Sexual Violence Remains Prevalent on College Campuses: What Victims Go Through and How We Can Help

By Chris Karenbauer

Editor’s note: The following story contains material related to sexual violence that may be disturbing to some people.

The Rape, Abuse & Incest Network (RAINN) defines sexual violence as a “non-legal term that refers to crimes like sexual assault, rape and sexual abuse.”

It’s On Us is an organization that helps combat campus sexual assault. According to It’s On Us’s website, between 20-25% of undergraduate women are victims of sexual violence. Ninety percent of victims do not report the crime to law enforcement.

“I don’t think we have educated ourselves enough to get the significance,” said Shannon Berkheiser, the Title IX Coordinator at Cedarville University. “We don’t fully understand how often sexual violence occurs. So we tend to focus on other issues instead.”

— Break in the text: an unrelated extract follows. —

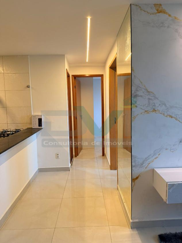 Apto 2 quartos, 1 suíte, wc social, sala, cozinha, área de lazer com salão de festas, piscina, 1 vaga coberta.
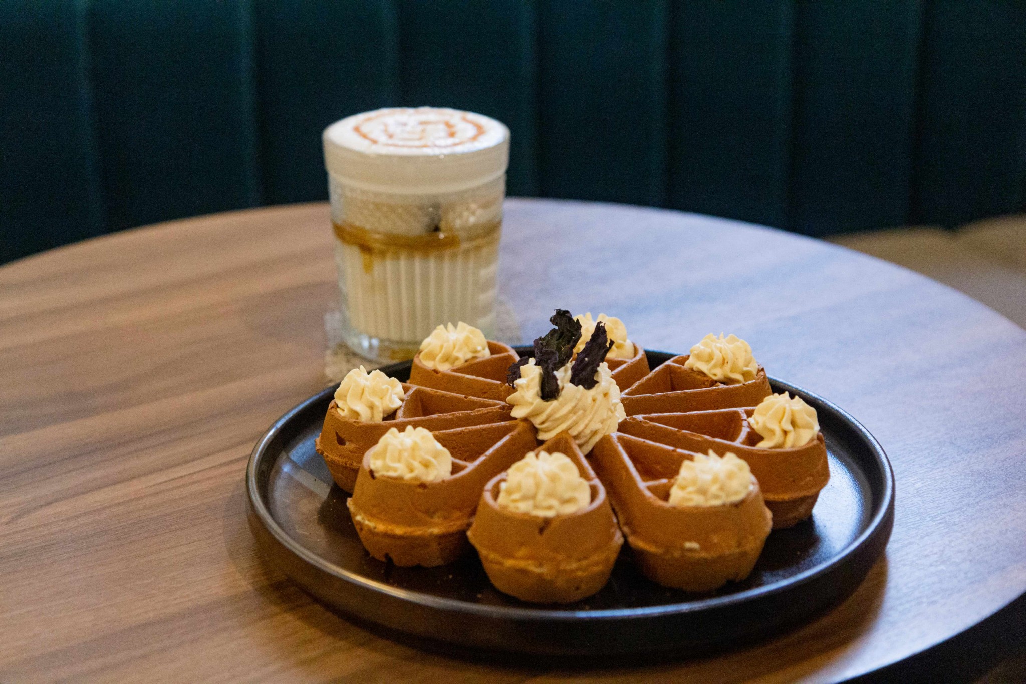 圖說:溫故知新咖啡推出展覽限定特餐「鹽分雙品」,《鹽滷潮鬆餅》與《鹽與蜜》飲品(圖片來源/南美館提供)

The first step in responding to victims of sexual violence is being educated on the subject. Sexual violence isn’t only sexual harassment, rape and sexual abuse. It also includes stalking or any unconsented sexual act.

Berkheiser works to educate people about sexual violence and teaches them how to respond appropriately to victims.

“I’ve always been very passionate about how people of faith lack the resources and education to come alongside a victim of sexual violence when we are really the ones who should have all the answers,” Berkheiser said.

What are the best ways to come alongside and support a victim of sexual violence?

One way is to appropriately encourage them to report it and provide the support they need to do so. But this is easier said than done because the victim may face obstacles to reporting the crime.

As previously stated, less than 10% of rape victims report the crime to law enforcement. Why? One obstacle can be victim blaming.

“I think that in our Christian circles, we too easily fall into victim blaming,” Berkheiser said. “This diminishes the responsibility of the offender and places the burden of the crime on the victim.”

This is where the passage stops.